So what are we testing with our null hypothesis $H_0$? Well, we want to know if our field data is representing the reality in Maji Ndogo by looking at an independent set of data. If our field data (means) are the same as the weather data (means), then it indicates no significant difference between the datasets. We're essentially saying that any difference we see between these means is because of randomness. However, if the means differ significantly, we'll know there is a reason for it, and that it is not just a random fluctuation in the data. 

<br>

Given a significance level $\alpha$ of 0.05 for a two-tailed test, we have the following conditions for our hypothesis test at a 95% confidence interval:

- $H_0$: There is no significant difference between the means of the two datasets.
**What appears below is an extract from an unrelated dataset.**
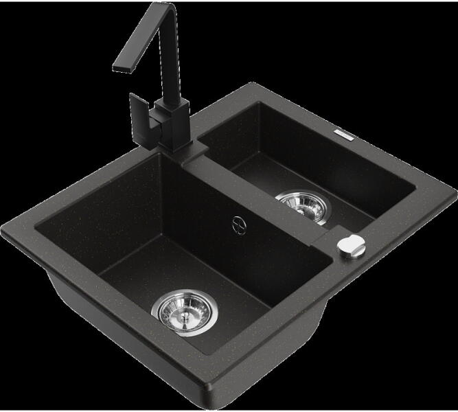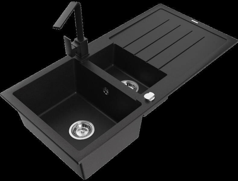 Mexen Matias, 1,5 kamrás gránit mosogató 90x50 cm-es csepptálcával Telma konyhai csapteleppel, fekete, 6502-77-670200-00 Mosogató: Termékkód: 6502901505-77 Mérete: 900x505x200 mm Kamra mélysége: 180 mm (nagyobb), 115 mm (kisebb) Kamra méretei: 435x335 mm (nagyobb), 345x150 mm (kisebb) Lefolyó átmérője: ø90 mm Típus: 1,5-kamrás, rövid csepegtetőtálcával Típus: Az asztallapba

This is expressed as $\mu_{field} = \mu_{weather}$.

- $H_a$: There is a significant difference between the means of the two datasets. This is expressed as $\mu_{field} \neq \mu_{weather}$.

<br>

If the p-value obtained from the test:
- is less than or equal to the significance level, so $p \leq \alpha$, we reject the null hypothesis.
- is larger than the significance level, so $p > \alpha$, we cannot reject the null hypothesis, as we cannot find a statistically significant difference between the datasets at the 95% confidence level.

First, we're going to import all of the packages and define a few variables. You might notice we're importing a new method, .ttest_ind(). This method takes in two data columns and calculates means, variance, and returns the the t- and p-statistics. So our t-test is reduced to one line. Since our alternative hypothesis does not make a claim of greater or less than, we will use the two-sided t-test, by adding the alternative = 'two-sided' keyword.

In [5]:
from scipy.stats import ttest_ind
import numpy as np

# Now, the measurements_to_compare can directly use 'Temperature', 'Rainfall', and 'Pollution_level'
measurements_to_compare = ['Temperature', 'Rainfall', 'Pollution_level']

We want to compare the means of the temperature, rainfall, and pollution data, for fields assigned to a specific weather station. So for both datasets, we need to isolate the measurement type and weather station for each data, so we're comparing the correct means.

Let's break down what we need to do:

   We need to filter both field_df and weather_df based on the given station ID and measurement. We can use filter_field_data(df, station_id, measurement) and filter_weather_data(df, station_id, measurement).
    
   We need to perform a t-test to conduct the t-test on the filtered data. So we're going to use ttest_ind(data_col1, data_col2, equal_var=False) from scipy.stats. 
    
  print_ttest_results(station_id, measurement, p_val, alpha) to interpret and print the results from the t-test.

We'll first define these functions, focusing on Temperature for station ID = 0. Then, we'll integrate these functions into a loop that iterates over each station ID and measurement type.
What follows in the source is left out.